Until now we are assuming that a gene-for-gene mechanism underlies the coevolution of victims and exploiters. However, in some cases the interaction may also depend on the matching of alleles, as in the interaction between the small crustacean Daphnia magna and the bacteria Pasteuria ramosa (Luijckx et al. 2013). In this case, the matrix of effects takes the following form:

\[ \begin{array}{cc} & \begin{array}{cc} A_{y} & B_{y} \end{array} \\ \begin{array}{cc} A_{x} \\ B_{x} \end{array} & \left( \begin{array}{cc} 1 && 0 \\ 0 && 1 \end{array} \right)\end{array} \] Following our previous implementation, build this matrix in R and use it as an argument to simulate coevolution of a victim and an exploiter species under a matching allele mechanism. Plot the results and try to answer the following questions:

What differences can you observe between the coevolutionary dynamics under a gene-for-gene or a matching allele mechanism?
What would be a possible explanation for these differences?

6.3 Simulating coevolution of mutualistic interactions

In the previous section, we simulated coevolution of one victim and exploiter species under two different mechanisms determining the outcome of the interaction, gene-for-gene or matching allele. Here, we will slightly modify this coevolutionary model to encompass mutualistic interactions. To do so, we need to modify our assumption about how interactions affect the fitness of species, and what is the interaction mechanism mediating this effect. Mutualisms are interactions that increase the fitness of individuals. In that case, the equations for the fitness of individuals carrying the alleles A or B of two mutualists, are as follows:

\[\begin{aligned} W_{A,x}&=1+s_{x}\left[\alpha_{AxAy}p_{y}+\alpha_{AxBy}(1-p_{y})\right] \\ W_{B,x}&=1+s_{x}\left[\alpha_{BxAy}p_{y}+\alpha_{BxBy}(1-p_{y})\right] \\ W_{A,y}&=1+s_{y}\left[\alpha_{AyAx}p_{x}+\alpha_{AyBx}(1-p_{x})\right] \\ W_{B,y}&=1+s_{y}\left[\alpha_{ByAx}p_{x}+\alpha_{ByBx}(1-p_{x})\right] \\ \end{aligned}\]
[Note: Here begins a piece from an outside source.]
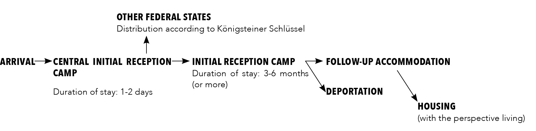 During our research, we observed that the locations of the camps also depend partly on the definition of “living” in German law. The law does not classify refugee accommodations as residences because refugees, with their inherent lack of self-determination, are not considered to be “living” there. Their status is temporary (see Dossmann et al. 2006, p. 60); consequently, camps cannot be built on plots designated for residential use. Furthermore, lawsuits brought by residents complicate the set-up of initial reception camps in more central and/or residential areas.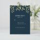 Elegantes tarjetas de respuesta para coordinar con nuestra colección de boda de hojas doradas sobre fondo navy con una línea adicional para cualquier requisito dietético. Artículos coincidentes disponibles en esta colección.

Since, many mutualistic interactions are mediated by a trait matching mechanism, we model this mechanism using the matrix of effects of the matching allele model:

\[ \begin{array}{cc} & \begin{array}{cc} A_{y} & B_{y} \end{array} \\ \begin{array}{cc} A_{x} \\ B_{x} \end{array} & \left( \begin{array}{cc} 1 && 0 \\ 0 && 1 \end{array} \right)\end{array} \] For this section, your task will be to adapt the function that simulate coevolution to incorporate the fitness equations and the matrix of effects for mutualisms. Then, simulate the coevolutionary dynamics and try to answer the following question:

When mutualistic species coevolve, is it possible to maintain both alleles (i.e. polymorphism) in the populations?
What would be a possible biological mechanism that could change this outcome? Think about a mechanism that we could include as an additional assumption in the fitness of individuals of the mutualistic species.